The Loss Function that is being minimized is         \(L = \sum_{i}^{N} [\; ||f(x^a_i) - f(x^p_i)||_2^2 \;-\; ||f(x^a_i)- f(x^n_i)||_2^2 + \alpha\;]_+\)

Triplet Selection

  • Generating all possible triplets would result in many triplets that easily satisfy the the distance condition mentioned above, thus not contributing to learning and would also slow down the convergence. These triplets are said to be Easy Triplets and will always give loss \(0\) as \(d(x^a_i, x^p_i) + \alpha < d(x^a_i, x^n_i)\)

  • Thus for faster convergence and better learning those triplets are need which violate the triplet constraint (refered as Hard Triplets) i.e. \(d(x^a_i, x^n_i) < d(x^a_i, x^p_i)\)

  • Choosing which triplets to use turns out to be very important for achieving good performance and, inspired by curriculum learning, we present a novel online negative exemplar mining strategy which ensures consistently increasing difficulty of triplets as the network trains.

  • The two methods discussed were:

  1. Generate triplets offline

    • For every n epochs compute the embeddings on the subset of data and and only select the hard triplets i.e \(argmax_{x^a_i}(d(x^a_i, x^p_i))\) and \(argmin_{x^a_i}(d(x^a_i, x^n_i))\).

    • Exploring offline triplet mining resulted in inconclusive results and is not very efficient.

  2. Generate triplets online

    • This can be done by selecting the hard positive/negative exemplars from within a mini-batch.

    • Instead of just the hardest positive (\(argmax_{x^a_i}(d(x^a_i, x^p_i))\)), all anchor-positive pairs in a mini batch are picked, while still still selecting the hard negatives.

      We don’t have a side-by-side comparison of hard anchor-positive pairs versus all anchor-positive pairs within a mini-batch, but we found in practice that the all anchorpositive method was more stable and converged slightly faster at the beginning of training.

    • Also instead of selecting just hardest negative (\(argmin_{x^a_i}(d(x^a_i, x^n_i))\)), the negative exemplars are selected such that: \(d(x^a_i, x^p_i) < d(x^a_i, x^n_i)\). These are refered as Semi-Hard Triplets and lie inside a margin \(\alpha\).

      Selecting the hardest negatives can in practice lead to bad local minima early on in training, specifically it can result in a collapsed model (i.e. \(f(x) = 0\)).


types of triplets
Image Credits: Omoindrot

Further Reading:

Evaluation

\(\mathcal{P}_{same}\): All pairs with same identity.

\(\mathcal{P}_{diff}\): All pairs of different identity.

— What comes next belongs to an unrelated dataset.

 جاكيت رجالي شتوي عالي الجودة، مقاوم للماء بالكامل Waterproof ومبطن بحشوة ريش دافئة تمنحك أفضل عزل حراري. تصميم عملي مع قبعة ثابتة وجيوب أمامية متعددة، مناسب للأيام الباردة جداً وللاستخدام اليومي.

Given a threshold \(h\) for image distance, the correctly classified as same are called true accepts

\(\text{TA}(h) = {(i, j) ∈ \mathcal{P}_{same}, with\; d(x_i , x_j ) ≤ h}\) and incorrectly classified as same are called false accepts

\(\text{FA}(h) = {(i, j) ∈ \mathcal{P}_{diff}, with\; d(x_i , x_j ) ≤ h}\) .

Validation Rate \(\text{VAL}(h) = \frac{|TA(h)|}{|\mathcal{P}_{same}|}\)

False accept Rate \(\text{FAR}(h) = \frac{|FA(h)|}{|\mathcal{P}_{diff}|}\)

Conclusion

  • They achieved higher accuracy than the previous state-of-the-art methods DeepFace (error reduced by factor of 7), DeepId2 (error reduced by 30%).

  • They used the same embeddings from face verification to cluster faces.

  • The important part was how the triplets were chosen for training.